I'll give them credit -- a bunch of reporters sure know how to own a news cycle.
Before taking over Texas Weekly in September 1998, Ramsey spent twenty-eight months as associate deputy comptroller for policy and director of communications in the office of the Texas Comptroller of Public Accounts. From 1991 to 1996, the West Texas native reported on state politics and policy from the Houston Chronicle’s Austin bureau. From 1986-1991, he was a reporter on the business desk and in the Capitol bureau of the Dallas Times Herald, eventually serving as the paper’s Austin bureau chief. He has also been a radio reporter in Dallas and Denton.

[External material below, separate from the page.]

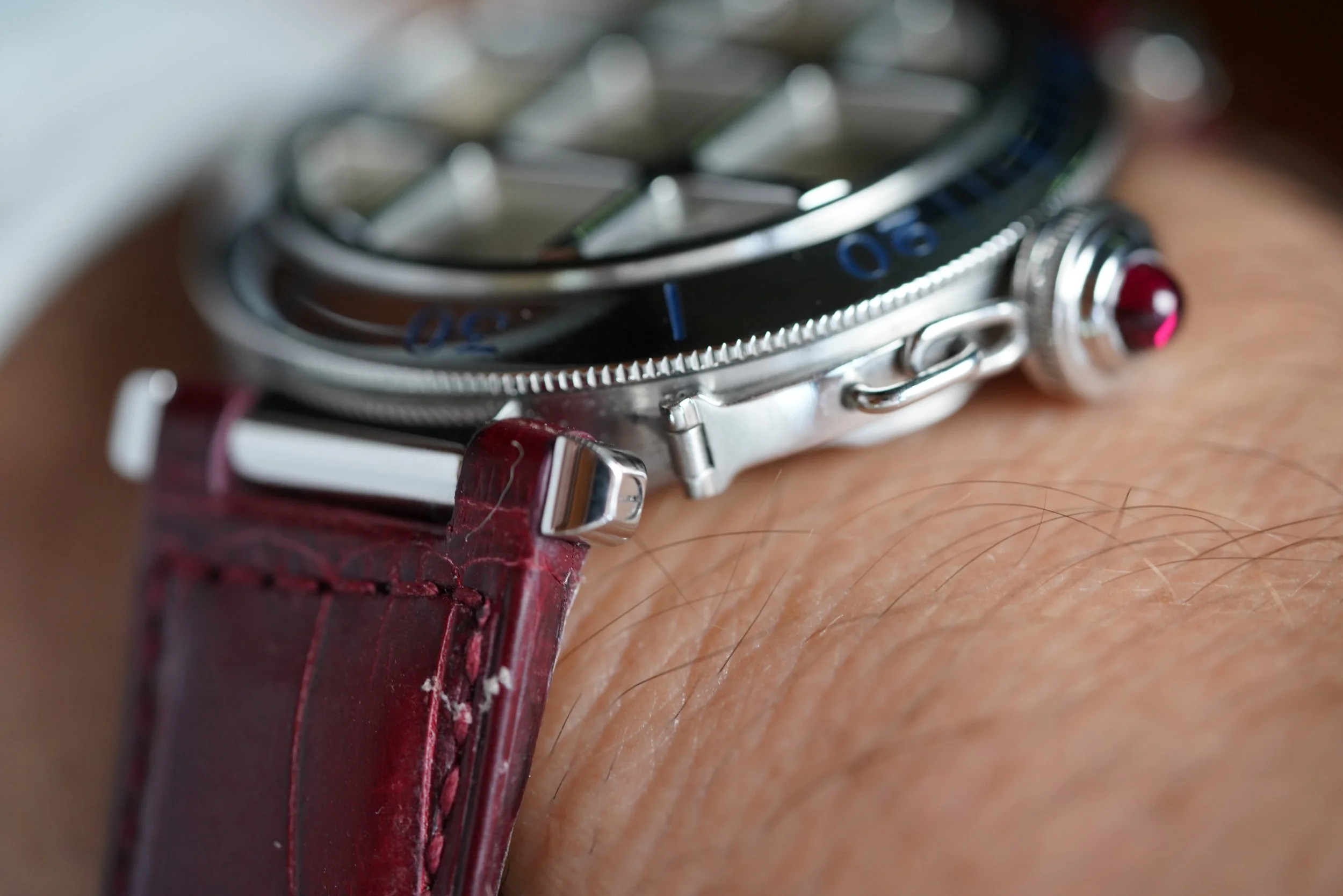 This Cartier Pasha is an all around great and interesting timepiece. The watch features the classic grid over the Roman numeral dial. The watch number 1003 of 1847. The year of production is 1997.

“Ross is one of the two or three best-respected reporters at the Capitol,” Smith says. “He’s fair, scrupulously nonpartisan, whip-smart, and crafty in the way he pries information out of sources. He’s also funny as hell, which makes him a great story-teller. That’s why we’ve asked him to write and report as well as lead our newsroom.”
In acquiring Texas Weekly, the Tribune will give its readers access to the venerable publication’s vast archives—a searchable electronic trove of stories dating back to the early 1990s that amounts to a modern history of Texas politics. Upon the Tribune’s launch this fall, current Texas Weekly subscribers will receive, for the duration of their subscriptions, a new weekly publication featuring premium content not available to regular readers of the Tribune.
The Texas Tribune is going to make a big, big splash when they launch in November.